Under this line are records; the part from the line containing "в Верее купить" through the line containing "Beat Blast begins" should be repeated exactly. Please exclude pictures.

__RECORDS FOR THIS TASK__.
+ + + +

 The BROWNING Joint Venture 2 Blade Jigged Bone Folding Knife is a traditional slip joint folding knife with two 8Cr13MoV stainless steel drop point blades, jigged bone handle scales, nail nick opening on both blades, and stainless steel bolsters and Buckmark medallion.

+ + + +

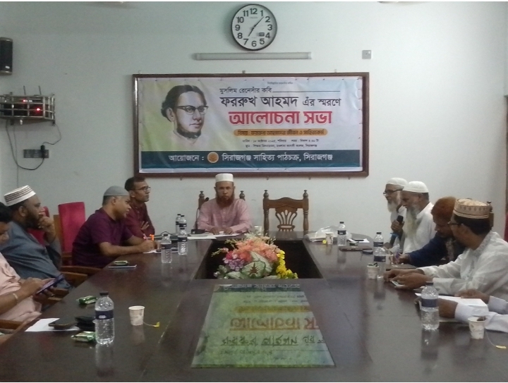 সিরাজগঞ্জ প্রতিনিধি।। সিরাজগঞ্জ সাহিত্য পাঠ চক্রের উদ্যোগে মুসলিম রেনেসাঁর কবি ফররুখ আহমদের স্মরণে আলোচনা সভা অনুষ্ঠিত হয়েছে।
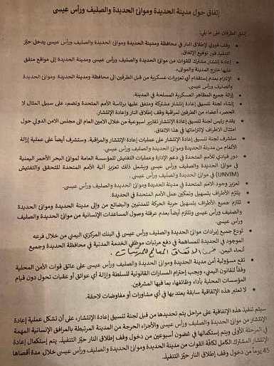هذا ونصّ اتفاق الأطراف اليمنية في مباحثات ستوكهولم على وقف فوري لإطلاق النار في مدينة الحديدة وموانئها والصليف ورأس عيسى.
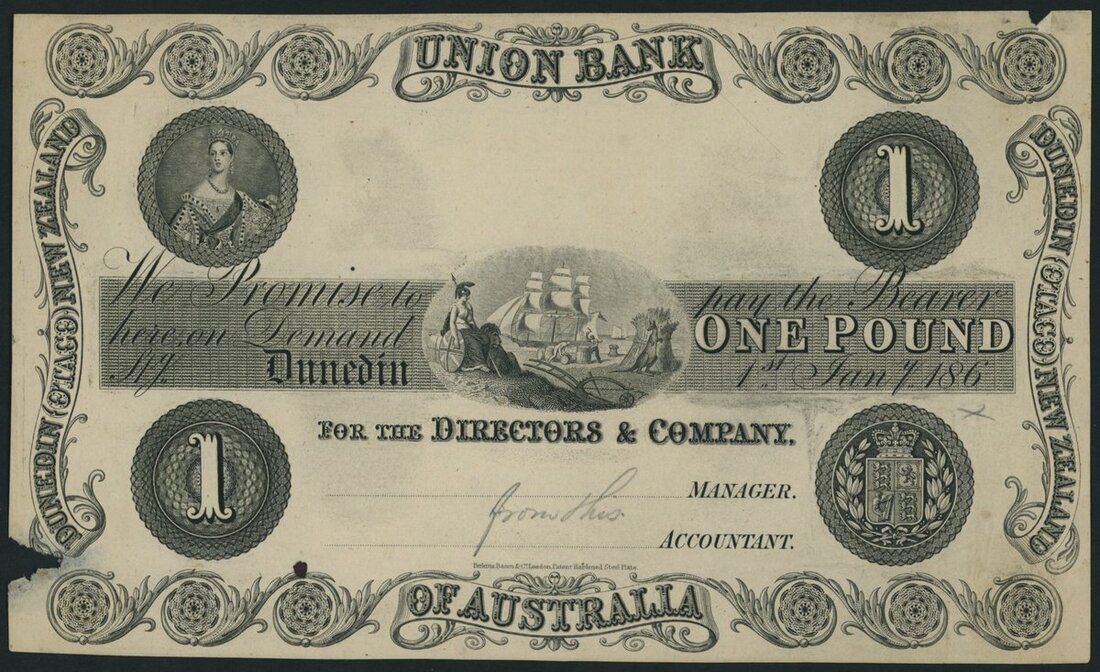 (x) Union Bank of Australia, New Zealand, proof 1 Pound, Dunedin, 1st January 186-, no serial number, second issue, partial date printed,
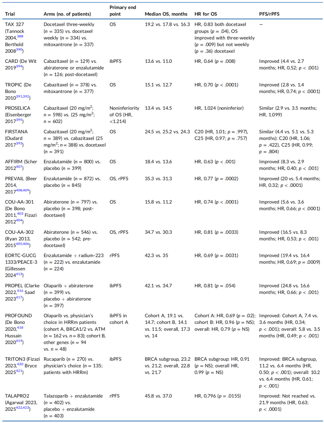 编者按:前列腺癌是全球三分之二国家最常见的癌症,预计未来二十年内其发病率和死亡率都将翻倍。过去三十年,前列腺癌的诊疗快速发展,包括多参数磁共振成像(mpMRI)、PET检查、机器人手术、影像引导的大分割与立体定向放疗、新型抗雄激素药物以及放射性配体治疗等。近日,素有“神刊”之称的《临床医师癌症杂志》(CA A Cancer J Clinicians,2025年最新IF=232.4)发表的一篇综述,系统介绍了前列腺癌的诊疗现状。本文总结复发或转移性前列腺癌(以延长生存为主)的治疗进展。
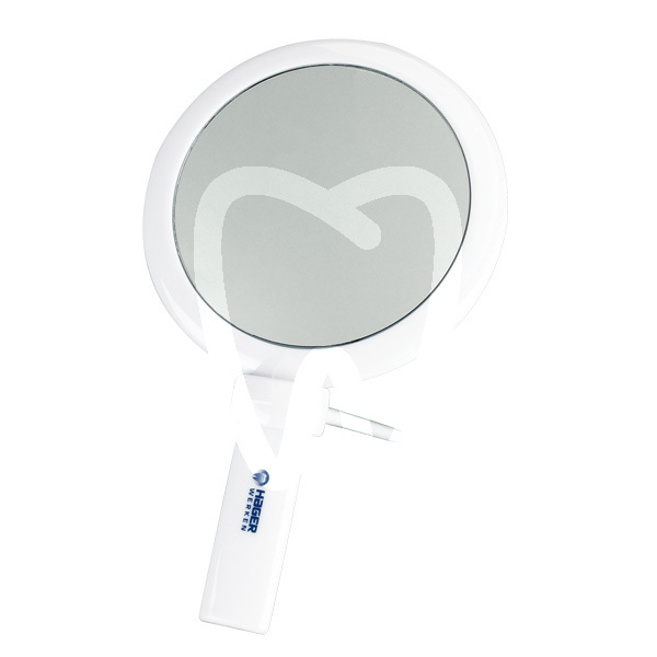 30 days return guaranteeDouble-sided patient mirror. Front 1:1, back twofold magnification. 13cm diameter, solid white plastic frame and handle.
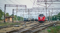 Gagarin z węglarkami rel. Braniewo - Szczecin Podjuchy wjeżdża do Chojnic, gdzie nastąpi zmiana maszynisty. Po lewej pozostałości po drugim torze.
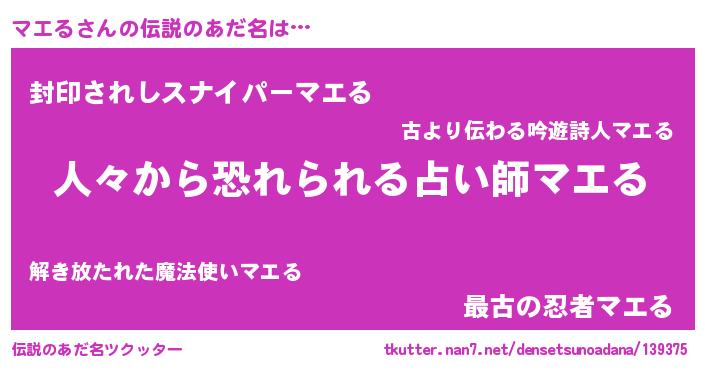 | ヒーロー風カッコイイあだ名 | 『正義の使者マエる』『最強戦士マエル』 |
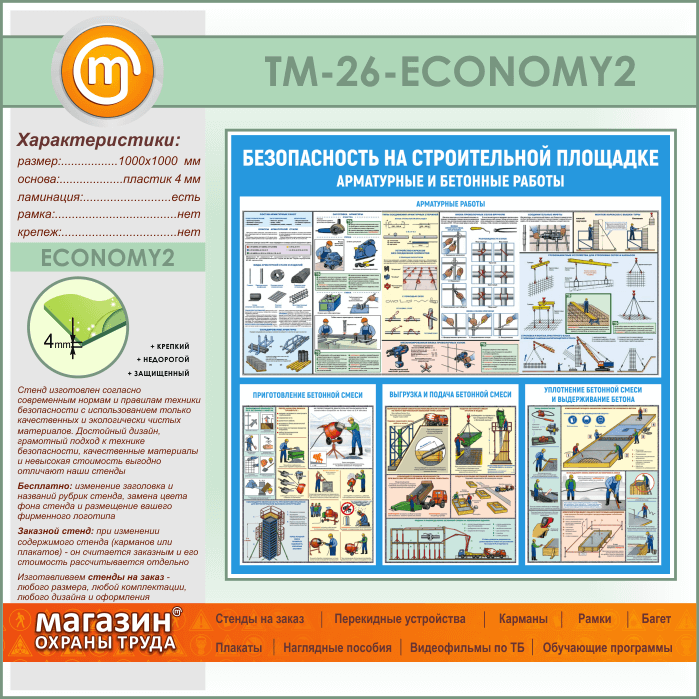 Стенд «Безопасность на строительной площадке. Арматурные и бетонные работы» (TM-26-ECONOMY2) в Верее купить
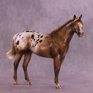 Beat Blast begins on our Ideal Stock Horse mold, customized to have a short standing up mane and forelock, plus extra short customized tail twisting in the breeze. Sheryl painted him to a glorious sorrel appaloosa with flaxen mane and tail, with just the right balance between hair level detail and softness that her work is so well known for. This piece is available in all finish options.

+ + + +

__ANSWER SECTION__.
 Стенд «Безопасность на строительной площадке. Арматурные и бетонные работы» (TM-26-ECONOMY2) в Верее купить
 Beat Blast begins on our Ideal Stock Horse mold, customized to have a short standing up mane and forelock, plus extra short customized tail twisting in the breeze. Sheryl painted him to a glorious sorrel appaloosa with flaxen mane and tail, with just the right balance between hair level detail and softness that her work is so well known for. This piece is available in all finish options.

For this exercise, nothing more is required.